== Task requirements ==
An exact transcription of the entries is required, with no images included.

== Supplied material ==
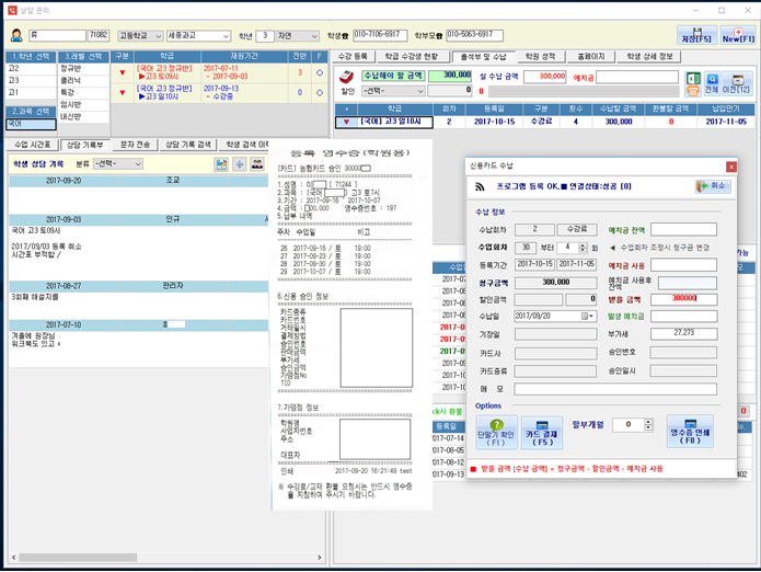 • 출석부, 시간표 기준으로 수강료 자동 산정 ( 기준일별로 금액 변경 가능 ) 되며, 전반시 수납 자동 반영, 예치금 처리, 각종 할인 등록 처리
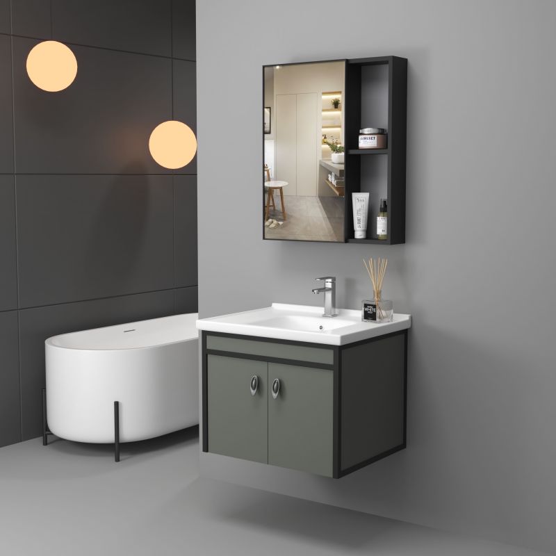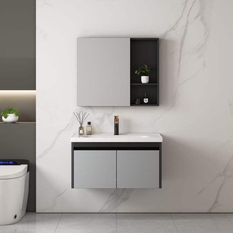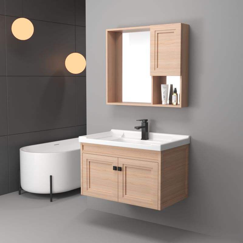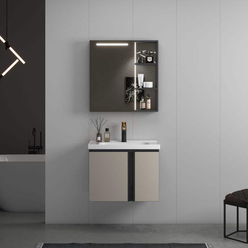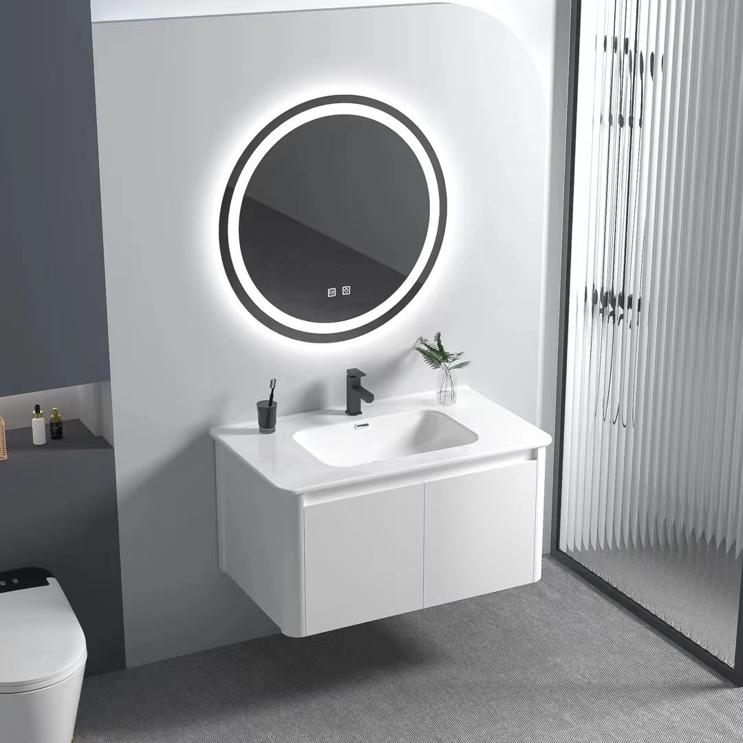 Beneath the mirror, the vanity features a spacious countertop with integrated basin and dual-door storage cabinet. This combination allows for efficient organization of toiletries and guest amenities, keeping the bathroom space clutter-free and functional. The wall-mounted design ensures maximum floor clearance, ideal for modern hotel settings that value both design and efficiency.
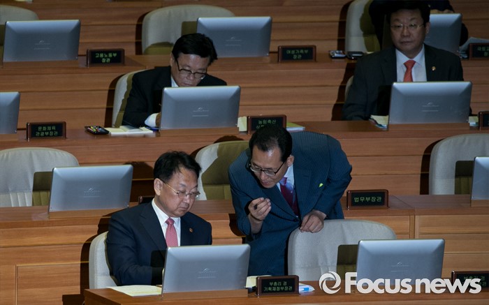 (서울=포커스뉴스) 4일 오전 서울 여의도 국회에서 열린 343회 국회(임시회) 6차 본회의, 경제에 관한 대정부 질문에 참석한 유일호 경제부총리 겸 기획재정부 장관이 관계자와 대화하고 있다.
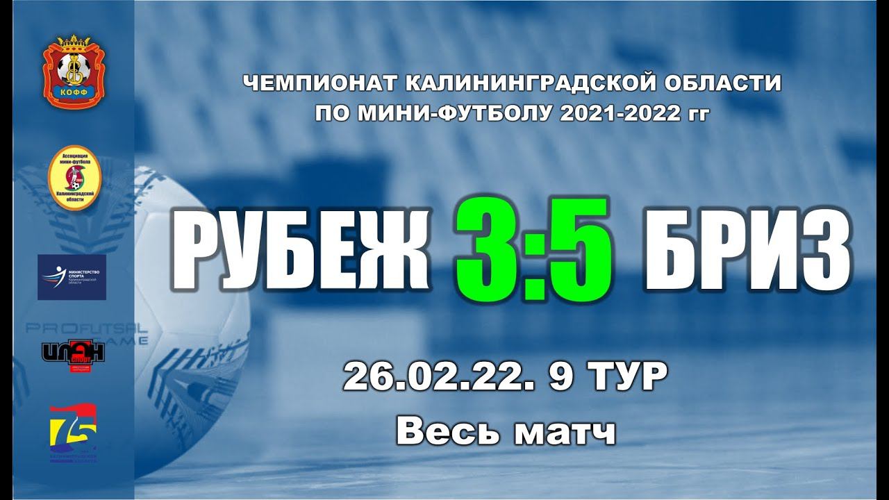 26.02.22. Чемпионат Калининградской области по мини-футболу. Суперлига. 9-й тур. «Рубеж» - «Бриз» 3:5 (2:5). Весь матч. Голы забили: Д.Чепкасов (5'), В.Ермаков (15'), А.Цыбульский (23') -- А.Крупин (7', 17'), А.Дулгарян (11'), Т.Тимофеев (19'), Д.Бирюков (20') Предупреждены: М.Полюга (Р), А.Ляпин (Р), А.Цыбульский (Р) -- А.Ишмаев (Б), В.Борисюк (Б), А.Крупин (Б) Удалены: нет
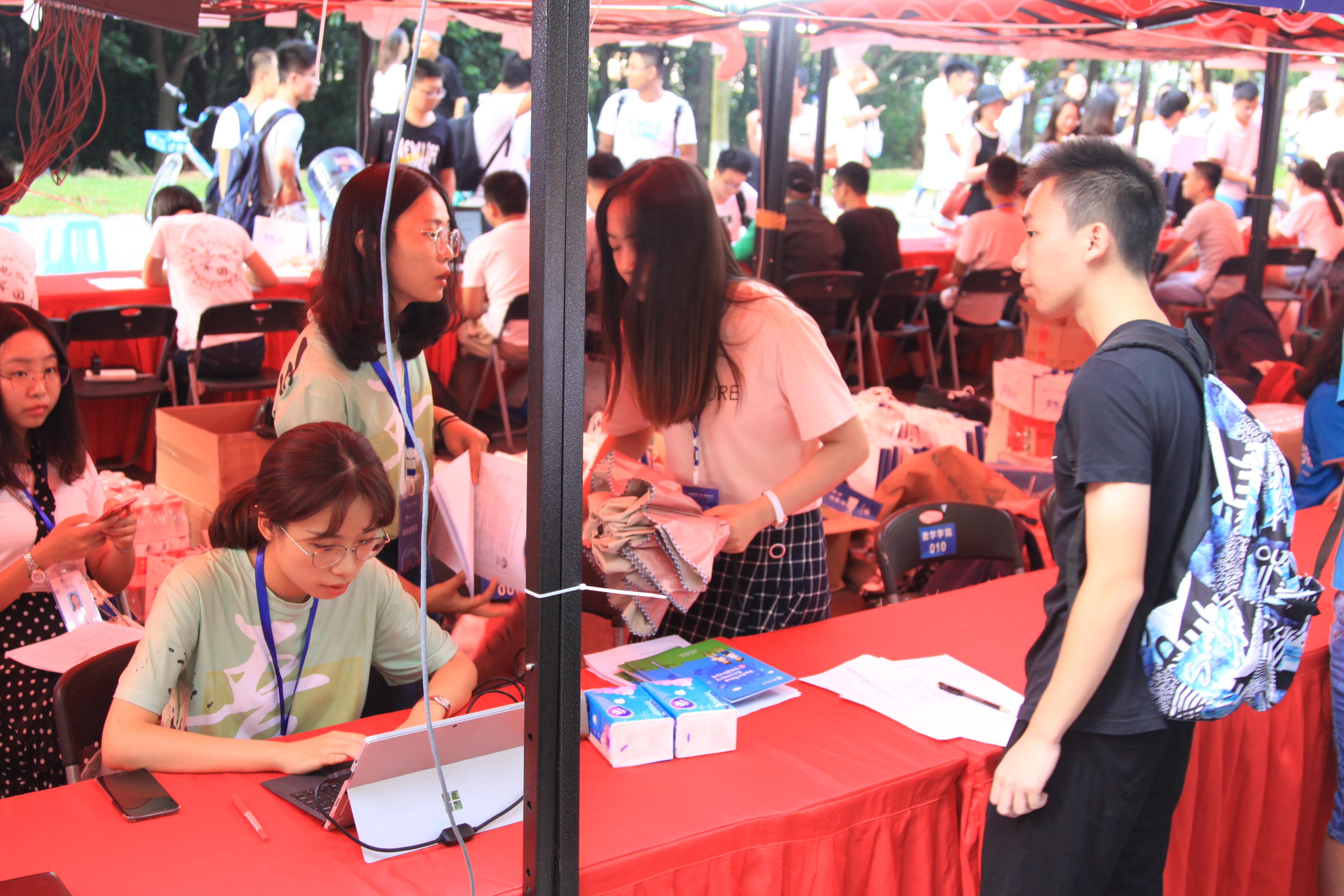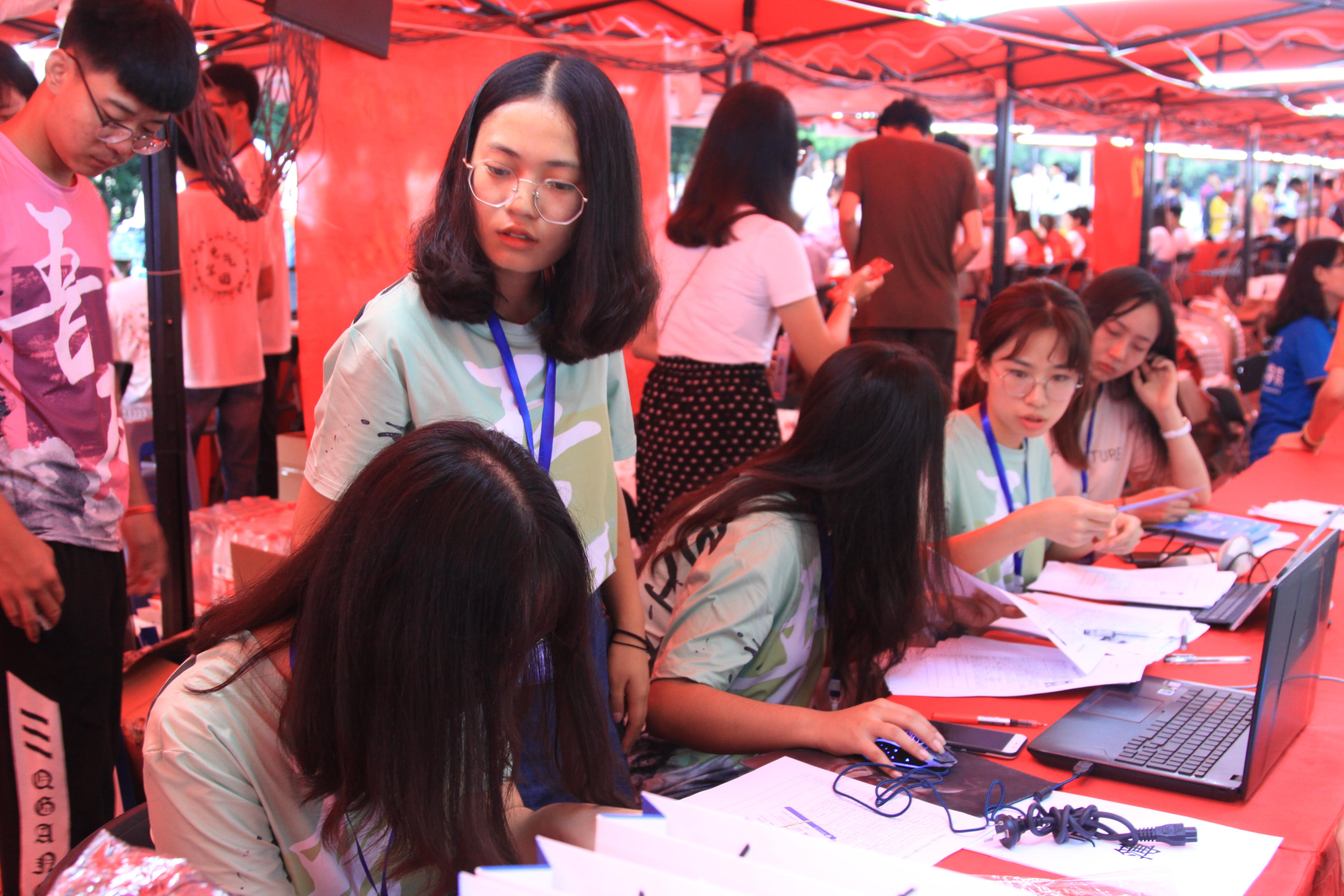 研究生会以及本科生四大学生组织的主席和部长担任迎新志愿者。首日上午,志愿者们即利用极高的工作效率帮助近40名研究生新同学和110位本科生新同学成功办理手续并入住学生寝室。接下来的时间内,志愿者们依旧热情不减地工作,为新同学和家长们展示了 av解说
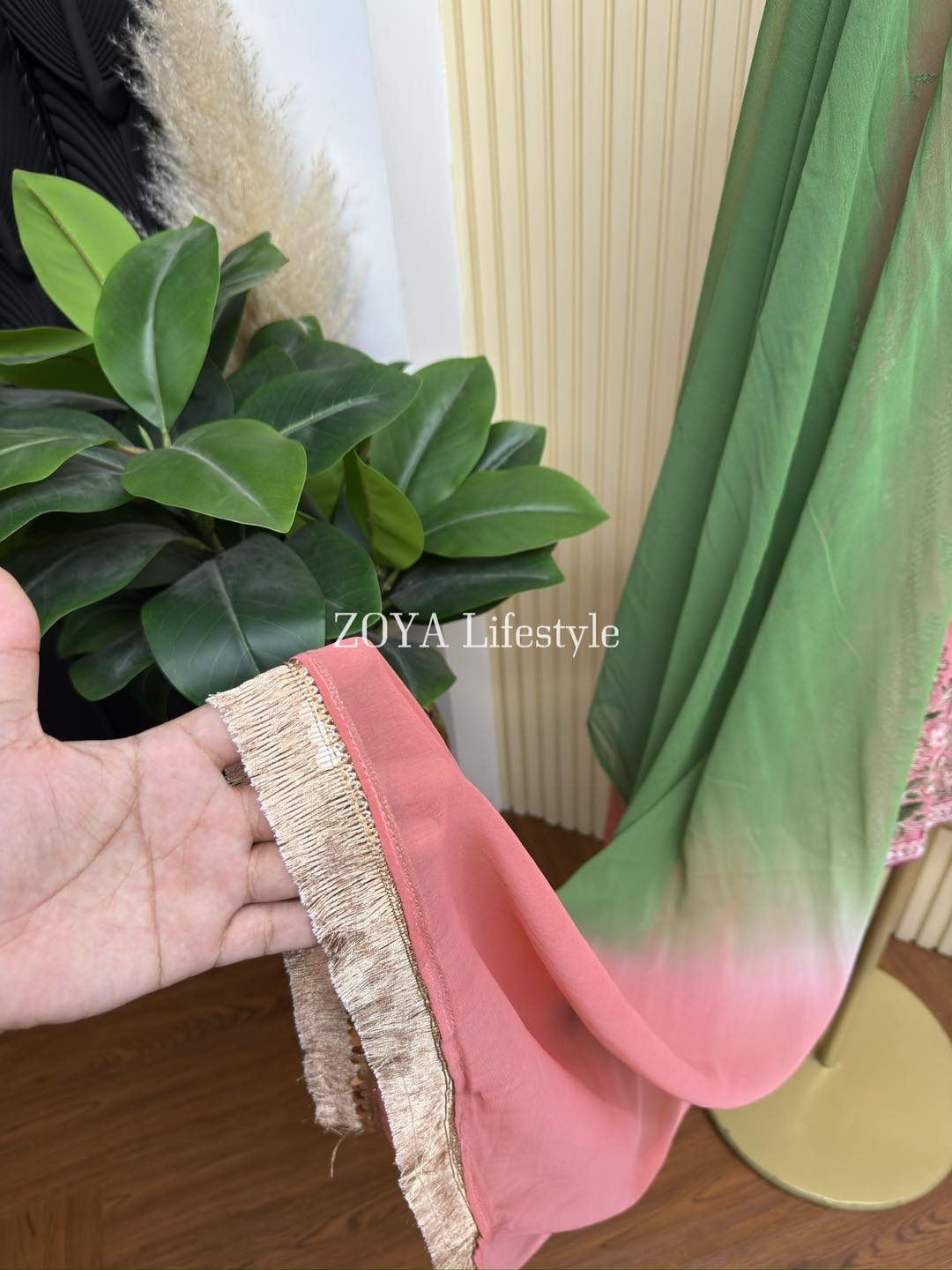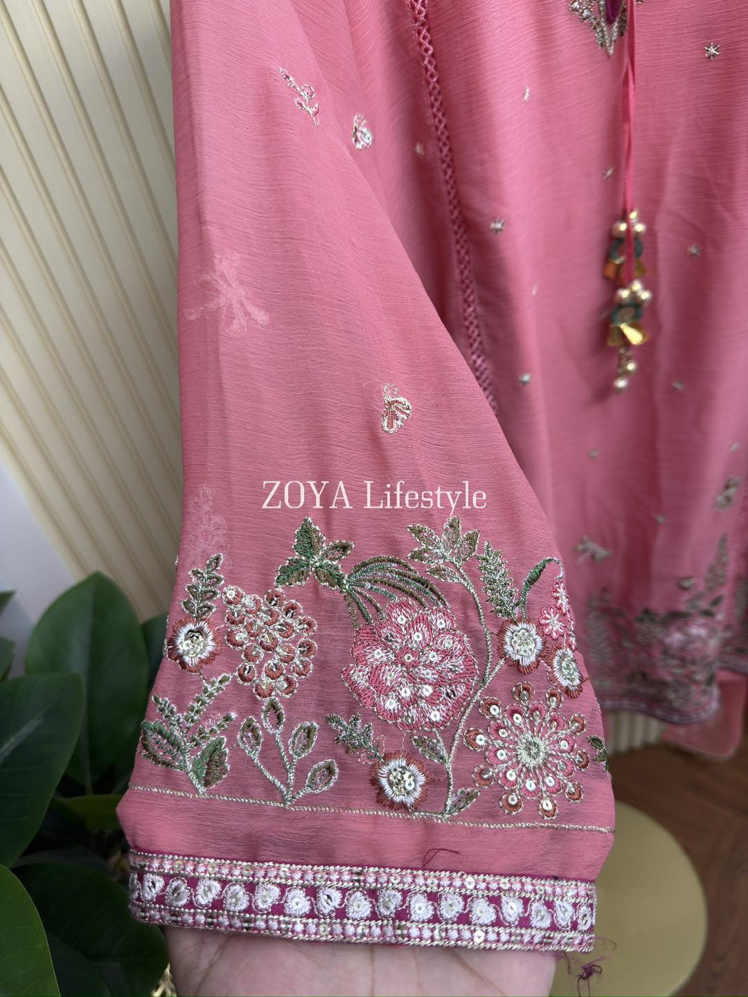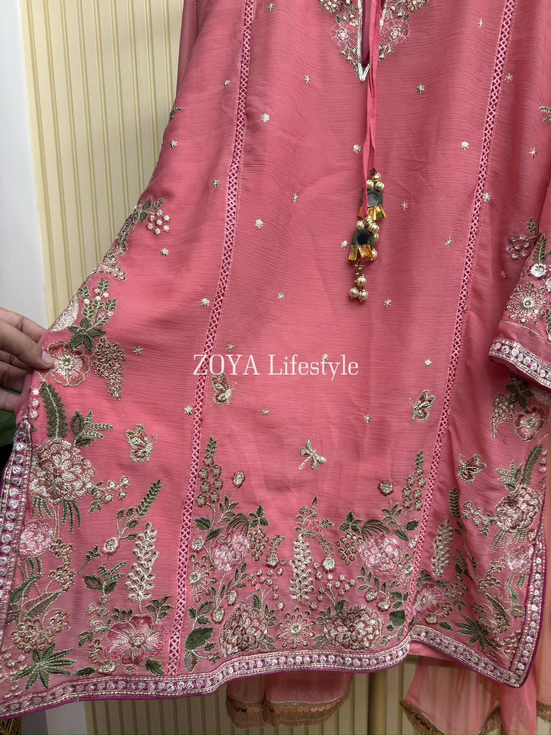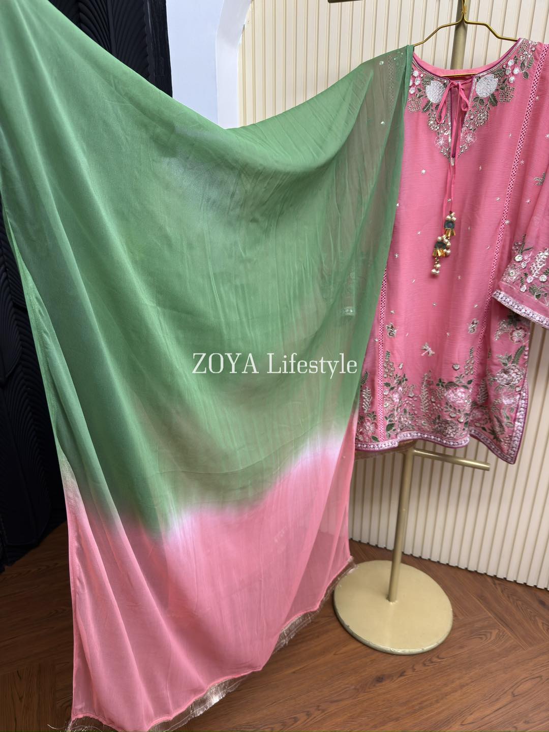 Material: Chiffon with sequins & embroidery work on all over body. Whole dress inner attached. Cotton Farshi Pant. Chiffon shaded dupatta.

== Final answer ==
 • 출석부, 시간표 기준으로 수강료 자동 산정 ( 기준일별로 금액 변경 가능 ) 되며, 전반시 수납 자동 반영, 예치금 처리, 각종 할인 등록 처리
 Beneath the mirror, the vanity features a spacious countertop with integrated basin and dual-door storage cabinet. This combination allows for efficient organization of toiletries and guest amenities, keeping the bathroom space clutter-free and functional. The wall-mounted design ensures maximum floor clearance, ideal for modern hotel settings that value both design and efficiency.
 (서울=포커스뉴스) 4일 오전 서울 여의도 국회에서 열린 343회 국회(임시회) 6차 본회의, 경제에 관한 대정부 질문에 참석한 유일호 경제부총리 겸 기획재정부 장관이 관계자와 대화하고 있다.
 26.02.22. Чемпионат Калининградской области по мини-футболу. Суперлига. 9-й тур. «Рубеж» - «Бриз» 3:5 (2:5). Весь матч. Голы забили: Д.Чепкасов (5'), В.Ермаков (15'), А.Цыбульский (23') -- А.Крупин (7', 17'), А.Дулгарян (11'), Т.Тимофеев (19'), Д.Бирюков (20') Предупреждены: М.Полюга (Р), А.Ляпин (Р), А.Цыбульский (Р) -- А.Ишмаев (Б), В.Борисюк (Б), А.Крупин (Б) Удалены: нет
 研究生会以及本科生四大学生组织的主席和部长担任迎新志愿者。首日上午,志愿者们即利用极高的工作效率帮助近40名研究生新同学和110位本科生新同学成功办理手续并入住学生寝室。接下来的时间内,志愿者们依旧热情不减地工作,为新同学和家长们展示了 av解说
 Material: Chiffon with sequins & embroidery work on all over body. Whole dress inner attached. Cotton Farshi Pant. Chiffon shaded dupatta.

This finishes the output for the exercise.